Biblical Archaeology Review 19:3, May/June 1993

Books in Brief

People of the Sea: The Search for the Philistines

Trude Dothan and Moshe Dothan (New York: Macmillan; Toronto: Maxwell Macmillan Canada; New York, Oxford, Singapore, Sydney: Maxwell Macmillan International, 1992) 276 pp., 32 color plates, unnumbered black-and-white photos, drawings, maps, $25.00 ($32.50 Canada)
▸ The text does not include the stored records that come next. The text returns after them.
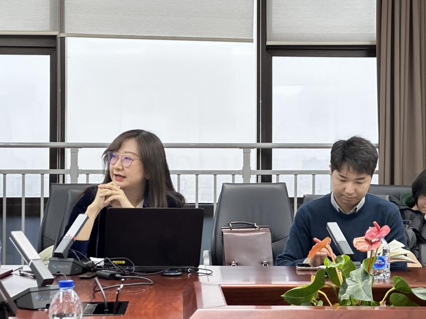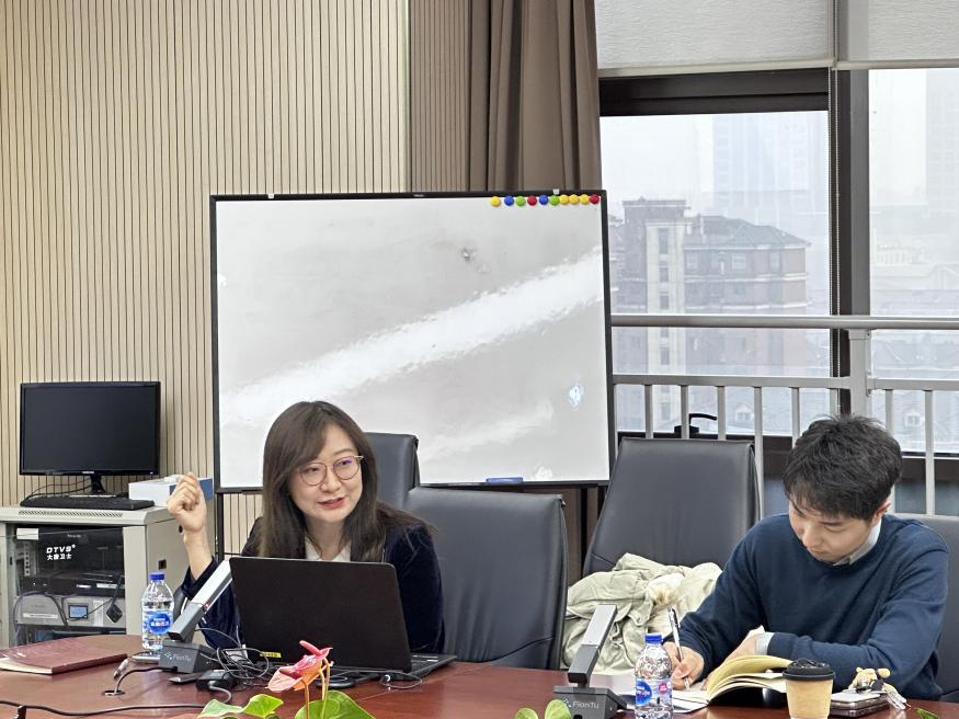 参观结束后,师生们与融媒体中心工作人员在会议室举行了专题分享会。首先,主持人万涛向师生们介绍了广播电视节目制作。他结合自己的亲身工作经历,以融媒体中心作品《校长来啦》《人才来啦》等为例,从栏目的策划、前期调研、主持人准备工作等方面,揭示了广播电视节目制作的背后流程、直播可视化的打造、全媒体内容生产的分发。他还给同学们提出了两点自己的从业心得:广告电视节目制作要结合不同的内容做不同渠道的分发;节目呈现和拍摄制作是有出入的,亲自实拍比纸上分析更重要。
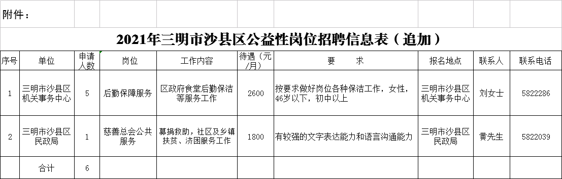 2021年三明市沙縣區(qū)招聘全區(qū)公益性崗位(區(qū)機(jī)關(guān)事務(wù)中心與區(qū)民政局)通告
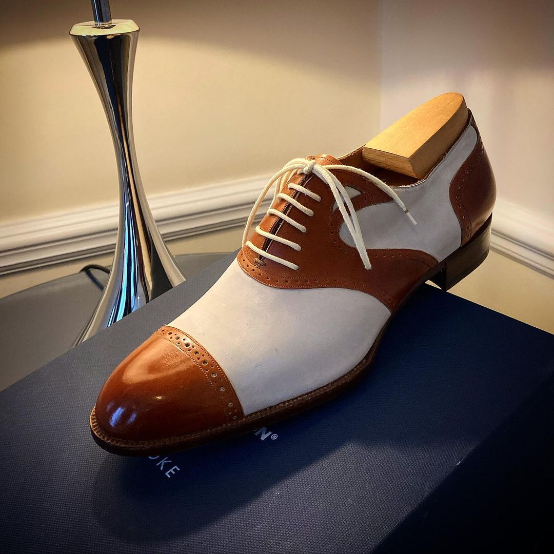 Handmade Mens Brown White Oxford Lace up Dress Shoes
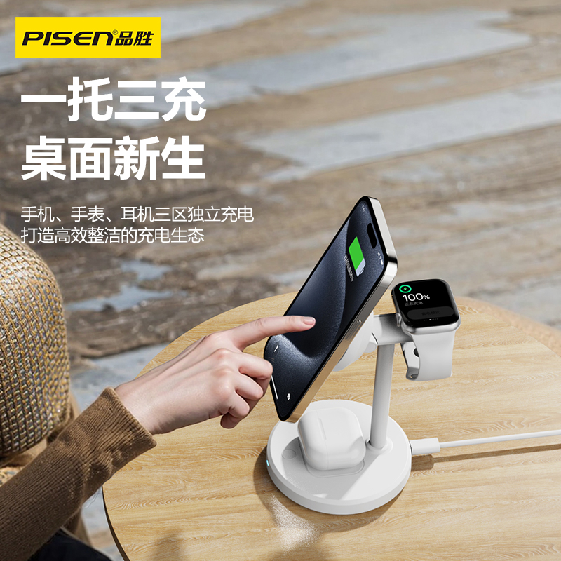 品胜三合一磁吸无线充电器支架MagSafe适用苹果17华为安卓iPhone16手机支架手表iWatchS10充电底座airpod耳机

Giving Goliath His Due: New Archaeological Light on the Philistines

Neal Bierling (Grand Rapids MI: Baker Book House, 1992) 281 pp., unnumbered photos, maps, charts, $16.99, paper

For more than 3,000 years, the Philistines have suffered from bad press. Depicted as the archetypal villains in the Bible for their constant conflicts with the Israelites, they also endured media bashing by the Egyptians, who included them among the “Sea peoples,” or bands of foreign marauders, who had the temerity to attempt an invasion of Egypt in the early 12th century B.C. So pervasive was the evil reputation acquired by the Philistines that by the 17th century their very name could be used as an insult, and even today it is still used to denote one who is boorish, barbarous or uncultured.